# Hidden Markov Model

1. Mar 8, 2015

### bowlbase

1. The problem statement, all variables and given/known data
Consider an HMM with two possible states, “R” and “G” (for “regulatory” and “gene” sequences respectively). Each state emits one character, chosen from the alphabet {A,C,G,T}.

The transition probabilities of this HMM are:
aRG = aGR = 1/4
aRR = aGG = 3/4
The emission probabilities are:
eR (A)= eR (C)= eR (G)= eR (T)=1/4
eG (A)= eG (T)=2/10 and
eG (C)= eG (G)=3/10

Assume that the initial state of the HMM is “R” or “G” with equal probabilities. Given a sequence S = ACGT and an HMM path π = RGGR, calculate the probability Pr(S, π) of the sequence and the path.

2. Relevant equations
$$P(S,\pi) = \prod_{i=1} a_{\pi_{i-1}},\pi_i e_{\pi_i}(x_i)$$

3. The attempt at a solution

We discussed this equation in class but never actually used it or spent time describing how to wield it. I just don't see how the information I'm given comes together in that equation.

Thanks for any help.

2. Mar 9, 2015

### bowlbase

I think that I have found a way to do this, but I want to make sure it is correct.

I believe that the equation is telling me to multiply the two probabilities (prob.to be ACGT within R or G and prob. that R or G changed) and then multiply all of those together. I'm just not sure about order..

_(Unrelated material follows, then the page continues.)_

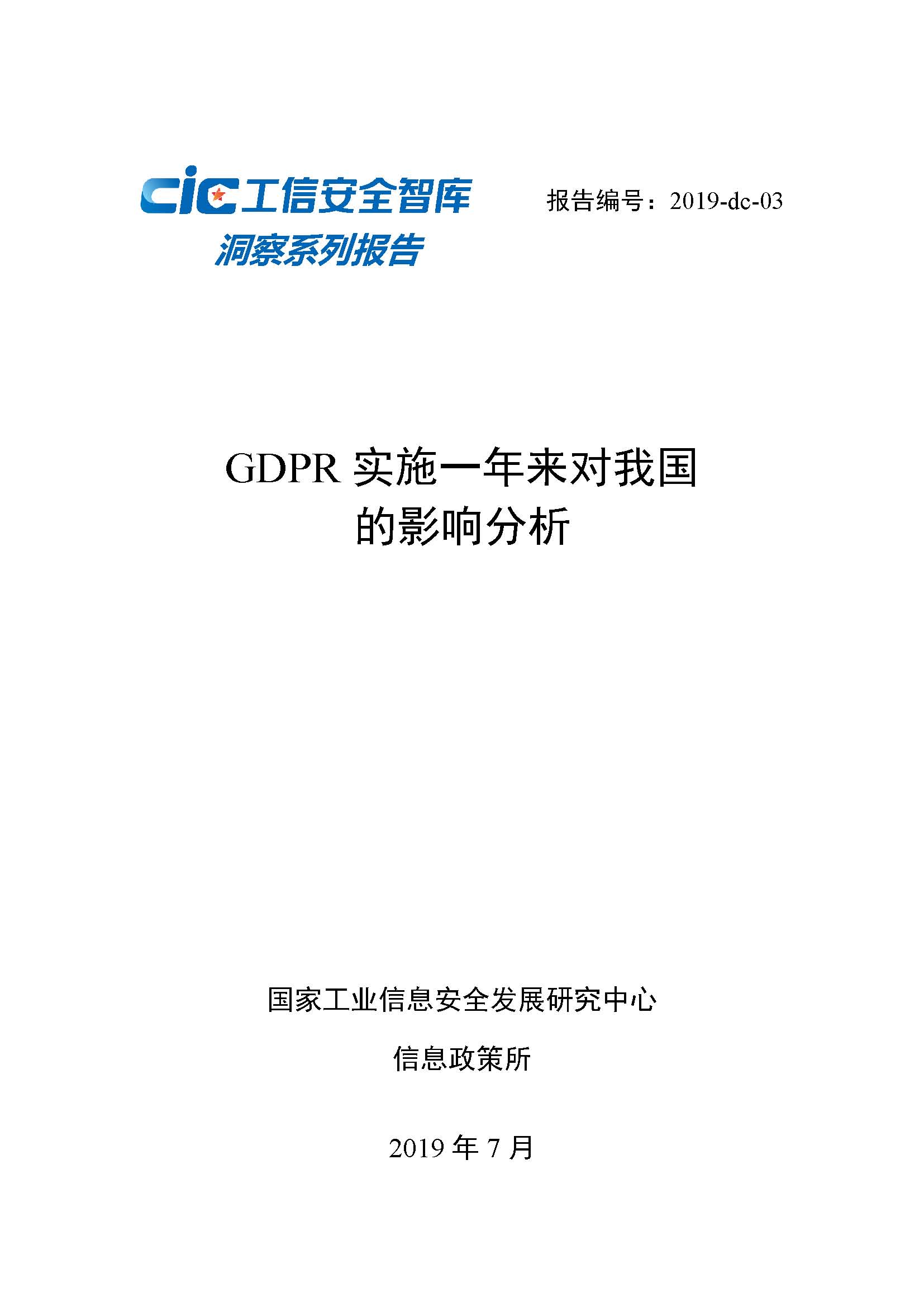 工信安全智庫︱洞察系列報告:《GDPR實施一年來對我國的影響分析》

So, I have S=ACGT and pi = RGGR

ACGT
RGGR

The first probability is 1/2 for either R and G. Then A, being in R, has prob 1/4. And then there is a just a 1/4 probability that R->G for the next character.

I'm not sure if 1/2 should be included from the beginning or not because the of how the last character works. But I have

(1/4*1/4)(3/10*3/4)(3/10*1/4)(1/4)

So, I've multiplied each emission probability with the probability of R/G swapping. Then multiplied all of those together. The last probability I did not multiply against anything (other than the series) because there is no following change. Though, I wonder if I should multiply by 1/2 since the first choice was probability 1/2 between R and G.

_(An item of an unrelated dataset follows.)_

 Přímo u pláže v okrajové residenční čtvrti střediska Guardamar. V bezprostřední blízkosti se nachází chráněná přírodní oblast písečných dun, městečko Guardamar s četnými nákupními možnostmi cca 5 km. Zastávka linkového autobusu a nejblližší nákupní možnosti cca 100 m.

Is this the correct method?

Thanks.

3. Mar 10, 2015

### haruspex

It isn't entirely clear, but judging from the equation you are given it looks like the RGGR path starts at the second state (1), and the first emitted character is just after entry to that state. (Consider the i=1 term in the product.). If so, you need to consider (and sum) the sequences RRGGR and GRGGR.